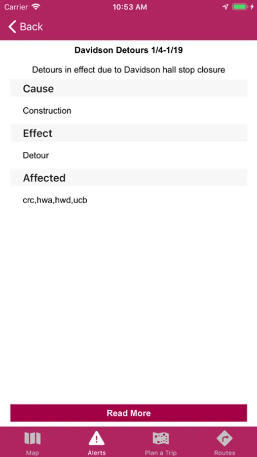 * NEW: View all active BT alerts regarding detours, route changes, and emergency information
* * *
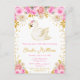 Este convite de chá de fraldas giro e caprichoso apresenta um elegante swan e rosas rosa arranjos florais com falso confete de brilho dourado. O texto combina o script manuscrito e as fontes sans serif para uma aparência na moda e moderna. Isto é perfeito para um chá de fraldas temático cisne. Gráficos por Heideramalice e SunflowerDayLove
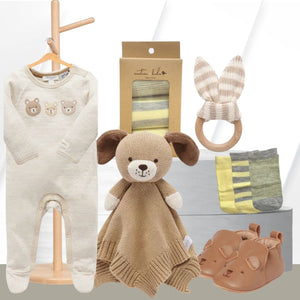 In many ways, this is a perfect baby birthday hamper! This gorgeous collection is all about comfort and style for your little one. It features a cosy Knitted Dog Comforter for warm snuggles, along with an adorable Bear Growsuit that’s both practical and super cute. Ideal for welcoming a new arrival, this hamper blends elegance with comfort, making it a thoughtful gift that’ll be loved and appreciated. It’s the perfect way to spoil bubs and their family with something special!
---
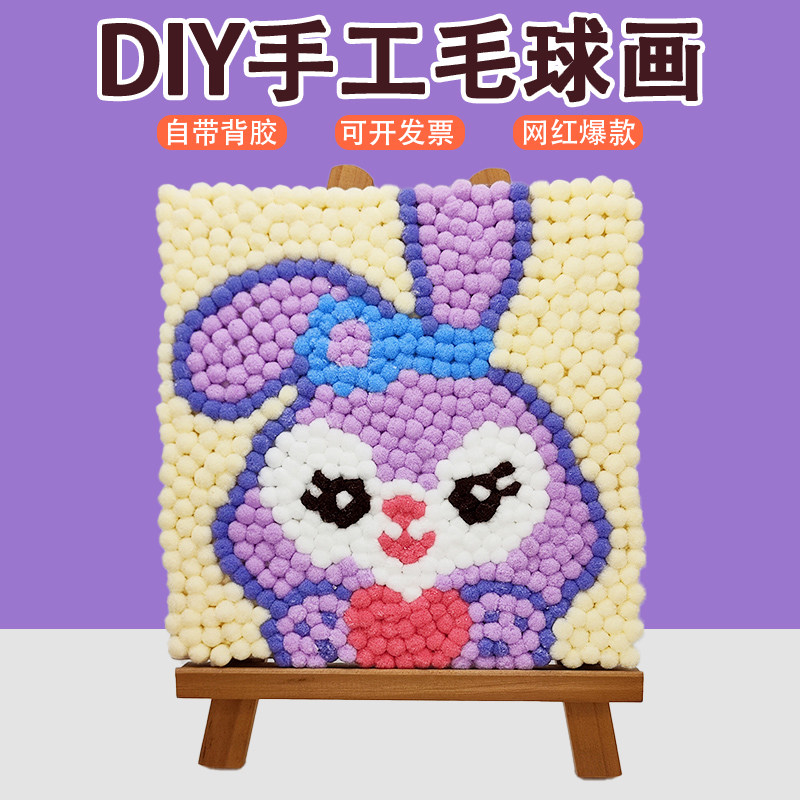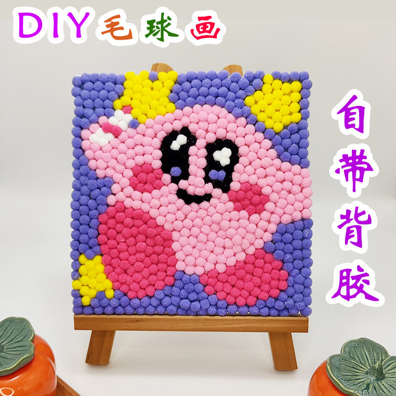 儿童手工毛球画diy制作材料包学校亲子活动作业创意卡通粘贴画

§ ASSIGNMENT
Exact repeat of the material above: every line from the one with "Este convite de" through the one with "In many ways, this", endpoints included, and nothing more. No pictures.

§ TASK SOLUTION
 Este convite de chá de fraldas giro e caprichoso apresenta um elegante swan e rosas rosa arranjos florais com falso confete de brilho dourado. O texto combina o script manuscrito e as fontes sans serif para uma aparência na moda e moderna. Isto é perfeito para um chá de fraldas temático cisne. Gráficos por Heideramalice e SunflowerDayLove
 In many ways, this is a perfect baby birthday hamper! This gorgeous collection is all about comfort and style for your little one. It features a cosy Knitted Dog Comforter for warm snuggles, along with an adorable Bear Growsuit that’s both practical and super cute. Ideal for welcoming a new arrival, this hamper blends elegance with comfort, making it a thoughtful gift that’ll be loved and appreciated. It’s the perfect way to spoil bubs and their family with something special!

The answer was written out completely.